7 Frontrunners: Sifting Mediocrity for a SoulmateI think surely we would say she is at least confused about what she wants in a life partner, and probably confused about who she wants to be herself. Above all, I think we would say she is desperate to find someone with the personality, fundamentals and vision for the next thirty years to feel content and safe in giving her hand, and having an exceedingly difficult time doing so.
And so it is, at long last, we’ve watched the Republican nomination process tread a wayward path to Iowa, and hence, to get it on. Here I’ve created a compilation of all the major polls since Feb 2010. Like clockwork, every few months there was a new frontrunner.

Being that time of the year for retrospectives, let's take a moment and recount the greatest hits. These are the issues the debates centered upon:
• Whether to lower taxes from historic lows and how much to cut spending from historic highs
• Whether the scientific consensus is correct and global warming is happening and if so whether to do anything about it
• Whether to give illegal immigrants any path to legalization or whether to begin rounding up 12 million of them to expel
• Whether the individual mandate is a targeted conservative proposition to promote individual responsibility or whether it's liberal treason and unconstitutional
• Whether abortion can be re-litigated into effective banishment and whether the government should consider abortion (covered) healthcare at all
• Whether to get out of Afghanistan and/or Iraq and whether to start another war with another Middle Eastern country on the suspicion of having WMD
• Whether to voucherize and privatize Medicare
Beyond the policies, the real highlights were more colorful:
• We saw retail campaigning partially replaced by candidatorial profiteering to raise their profiles, sell books and angle for TV contracts
• We saw the revelation that owning a hunting ranch called "Niggerhead" is not a disqualifier to be President, nor is giving a stump speech high on prescription drugs, but forgetting that you want to kill the department of Energy (and Education, Commerce and the EPA) is
• We saw that wanting the keys to the nuclear arsenal without first knowing China has nukes and has for forty years isn't disqualifying, nor is a professional résumé of running a failed pizza chain and motivational speaking, but two sexual harassment settlements and a 20-year sex affair is
• We saw that being officially and unprecedentedly sanctioned, fined and then thrown out of Congress by your own party the last time you led isn't a good enough indication of leadership potential, but divorcing two women with cancer and accepting $2 million to lobby for Fannie and Freddie may be
• We learned you can name your newsletter after yourself, publish your commentary including racist observations and/or support for universal healthcare via the individual mandate, then years later claim you knew nothing about it and don't agree with any of it
I recount these not to wallow in absurdity, fun as it may be, but rather as the evidence for why the 7 Frontrunners. Just because the Republican nominating process unfolded as a slow-motion disaster doesn’t mean the Republican electorate –- i.e. a third of our population -– somehow transmogrified into an intellectual disaster. More likely it’s the opposite. I think Republicans fervently, and rightly, believe our government has grown to a crushing new size; they suspiciously, and rightly, see Democrats as a party not willing to fix this by transforming entitlements and alienating their base, but rather espousing more of the same and solution-by-redistribution; they unconvincingly, and rightly again, see the Obama policies being passed and implemented as an expansion of the role of government and not fundamental enough to solve the problems.

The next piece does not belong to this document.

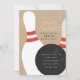 Um convite de aniversário moderno e neutro em termos de gênero, apresentando bola de boliche e 2 pinos de boliche. Convide amigos para celebrar e jogar um divertido jogo de boliche para comemorar o aniversário do seu filho. O fundo com padrão coordenado pode ser removido para dar espaço a informações adicionais da festa, como direções.
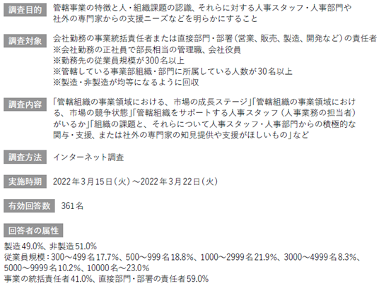 企業における経営・人事課題の解決および、事業・戦略の推進を支援する株式会社リクルートマネジメントソリューションズ(本社:東京都品川区 代表取締役社長:山崎 淳 以下、当社)は、2022年3月に事業統括責任者または直接部門・部署(営業、販売、製造、開発など)の責任者361名に対し、「人・組織課題解決の支援ニーズに関する調査」を実施し、調査結果を公表しました。

So when Republicans are presented with this crop of subpar candidates, the logical thing to do is throw yourself at the next pretty thing walking by, at least until you see his true colors and discover that he doesn't have the solutions anymore than the others did.
Rise of Newt: The Reality of CredibilityWhich brings us to Newt, the final frontrunner. For all the psycho-analyses of the GOP electorate and this long strange trip, I think Newt is simply the most plausible candidate.
For the home stretch, it looks like Newt and Mitt are the only serious candidates, though I think we could’ve conceded that months ago and saved the heartache. Let's also concede they are both experienced, accomplished businessmen and politicians. I am now convinced that if 1,000 everyday Republicans, from all nooks and crannies, sat down on their couch with Newt then Mitt for an hour, that 75% would conclude Newt is smarter, more intellectual, more knowledgeable, has a broader historical perspective, is more politically savvy, is a bigger thinker, has more ideas, is more conservative, is more Christian, is more strategically capable of striking grand bargains, is more personable, is more likeable, is more charismatic, is a better marketer, and is more capable of taking it to Obama’s chin in the 2012 election and every step along the way. In the end, these are the things that matter.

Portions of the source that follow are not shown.